Now trying to implement a deep learning model to handle class imbalances.

https://www.tensorflow.org/api_docs/python/tf/keras/metrics

In [None]:
import tensorflow as tf
from tensorflow.keras import backend as K

def focal_loss(gamma=2.0, alpha=0.25):
    def focal_loss_fixed(y_true, y_pred):
        
        epsilon = K.epsilon()
        y_pred = K.clip(y_pred, epsilon, 1. - epsilon)
        cross_entropy_pos = -y_true * K.log(y_pred)
        cross_entropy_neg = -(1 - y_true) * K.log(1 - y_pred)
        loss = alpha * K.pow(1 - y_pred, gamma) * cross_entropy_pos + (1 - alpha) * K.pow(y_pred, gamma) * cross_entropy_neg
        return K.mean(loss, axis=-1)
    
    return focal_loss_fixed

In [None]:
from tensorflow.keras.layers import Input, Dense, Dropout, BatchNormalization
from tensorflow.keras.models import Sequential
from tensorflow.keras.regularizers import l1_l2
from tensorflow.keras.callbacks import EarlyStopping
from tensorflow.keras.optimizers.schedules import ExponentialDecay
from tensorflow.keras.optimizers import Adam
from tensorflow.keras.metrics import Precision, Recall, AUC, TruePositives, FalsePositives, TrueNegatives, FalseNegatives
from tensorflow.keras.losses import BinaryCrossentropy
from sklearn.utils.class_weight import compute_class_weight
import numpy as np
from sklearn.metrics import roc_auc_score

if usingDeep:
    class_weights = compute_class_weight(class_weight='balanced', classes=np.unique(y_train['Inj After'].values), y=y_train['Inj After'].values)
    class_weight_dict = {i: class_weights[i] for i in range(len(class_weights))}

    model = Sequential([
        Input(shape=x_train.shape[1:]),
        Dense(128, activation='relu', kernel_initializer='he_uniform', kernel_regularizer=l1_l2(l1=1e-5, l2=1e-4)),
        BatchNormalization(),
        Dropout(0.5),
        Dense(96, activation='relu', kernel_initializer='he_uniform', kernel_regularizer=l1_l2(l1=1e-5, l2=1e-4)),
        BatchNormalization(),
        Dropout(0.5),
        Dense(64, activation='relu', kernel_initializer='he_uniform', kernel_regularizer=l1_l2(l1=1e-5, l2=1e-4)),
        BatchNormalization(),
        Dropout(0.5),
        Dense(48, activation='relu', kernel_initializer='he_uniform', kernel_regularizer=l1_l2(l1=1e-5, l2=1e-4)),
        BatchNormalization(),
        Dropout(0.5),
        Dense(1, activation='sigmoid')
    ])

    lr_schedule = ExponentialDecay(initial_learning_rate=1e-3, decay_steps=5000, decay_rate=0.90)
    optimizer = Adam(learning_rate=lr_schedule)

    if usingFocalLoss:
        model.compile(optimizer=optimizer, loss=focal_loss(gamma=2.0, alpha=0.25), metrics=[AUC()])
    else:
        model.compile(optimizer=optimizer, loss='binary_crossentropy', metrics=[AUC()])

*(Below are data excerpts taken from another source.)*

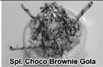
Spl. Choco Brownie Gola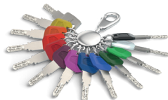
Sleutels met grote sleutelclip zijn in 6 verschillende kleuren verkrijgbaar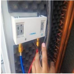
Fotografía 13. Presostatos alta y baja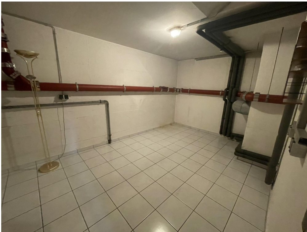
Kellerraum mit WLAN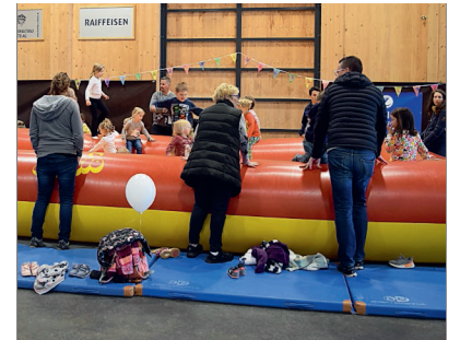
Die grosse Gumpimatte lud zum Springen und Toben ein.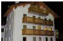
APPARTAMENTI Casa Betty BORMIO Via Funivia, 63/a Tel. (+39) 338 16 76 808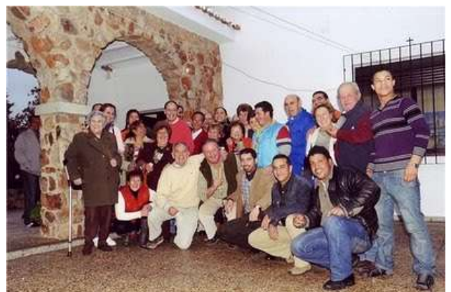
Foto de Convivencia en Don Benito .

Don Benito , 12/02/2010 - Islam Extremadura.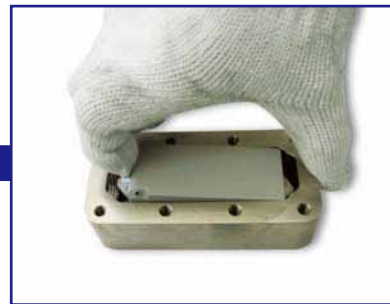
中のカセットから本体を取り出す。

    early_stopping = EarlyStopping(monitor='val_loss', patience=4, restore_best_weights=True)

    history = model.fit(x_train, y_train, epochs=12, validation_data=(x_val, y_val), callbacks=[early_stopping], verbose=False, class_weight=class_weight_dict)

    test_results = model.evaluate(x_test.drop(columns=['Player']), y_test)
    val_pred = model.predict(x_val)
    val_auc_roc = roc_auc_score(y_val, val_pred)
    print("\n=== Performance Evaluation ===")
    print(f"AUC-ROC Score (Validation Set): {val_auc_roc:.4f}")
    print(f"AUC-ROC Score (Test Set): {test_results[1]:.4f}")

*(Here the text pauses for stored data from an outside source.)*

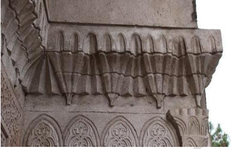
Görsel 2. Zinciriye Medresesi Yan Niş Saçakları

Üst Pano mukarnaslı saçak altında yatay dikdörtgen şeklindedir. Restorasyondan önceki görüntülerde taş yüzeyleri ile motiflerin ileri derecede eriyerek bozulduğu ve bu nedenle tanımlanmasının son derece zor olduğu görülmektedir. Restorasyon sırasında panolar tamamlanmıştır. Restorasyondan sonra ortaya çıkan görüntüye göre üst panoda, birbirine yılankavi formda altlı üstlü geçişlerle çerçeveselenen madalyon formunda dört adet kabartma daireler oluşturulmuştur. Madalyonlarda zemin oyma tekniğiyle yapılmış bitkisel süslemelere yer verilmiştir.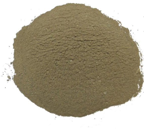
Рис. 5. Продукт измельчения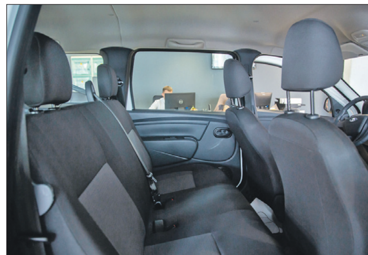
Просторный салон позволяет с комфортом разместить всех членов семьи.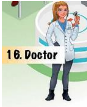
Resim 1. Kadın Doktor (4. Sınıf İngilizce Ders Kitabı s. 81)

Tablo 2’de görüldüğü üzere tüm sınıf düzeylerindeki İngilizce kitaplarında kadınlar 54 kez ve erkekler 55 kez olmak üzere toplam 109 kez, 21 farklı meslekte resmedilmiştir. Bu görsellerden 8’i 2. sınıf kitabında, 15’i 3. sınıf kitabında, 86’sı ise 4. sınıf kitabında yer almaktadır. 4. sınıflarda görsel sayısının bariz bir şekilde fazla olmasının sebebi, Meslekler adında bir üniteye öğretim programı içeriğinde yer verilmesidir. Tablo bütünüyle incelendiğinde, kadınların en çok öğretmen, doktor, hemşire, şarkıcı, dansçı, spiker, mesleklerinde; erkeklerin ise polis, şef, iş insanı, hizmetli, pilot, şoför, makinist, itfaiyeci, postacı, garson, güvenlik görevlisi ve mühendis mesleklerinde olduğu görülmektedir. Aşağıda, kitaplardaki görsellerden örneklere yer verilmiştir.

The scores indicate a modest but correct ability to discern those highly imbalanced classes.

## Prevent betting on injury-prone valuable players

The model has a modest ability to predict players with a tendency to get injured at the next game. We therefore introduce  a second test set, more recent and only composed of very recent players statistics. We will run our prediction model and output an injury watch list, with an indicator of how important would the player's absence be. Then, we will scrap the upcoming game and work on giving betting advices based on odds.

In [None]:
testing_df = pd.read_csv('testing_stats.txt', sep=' ')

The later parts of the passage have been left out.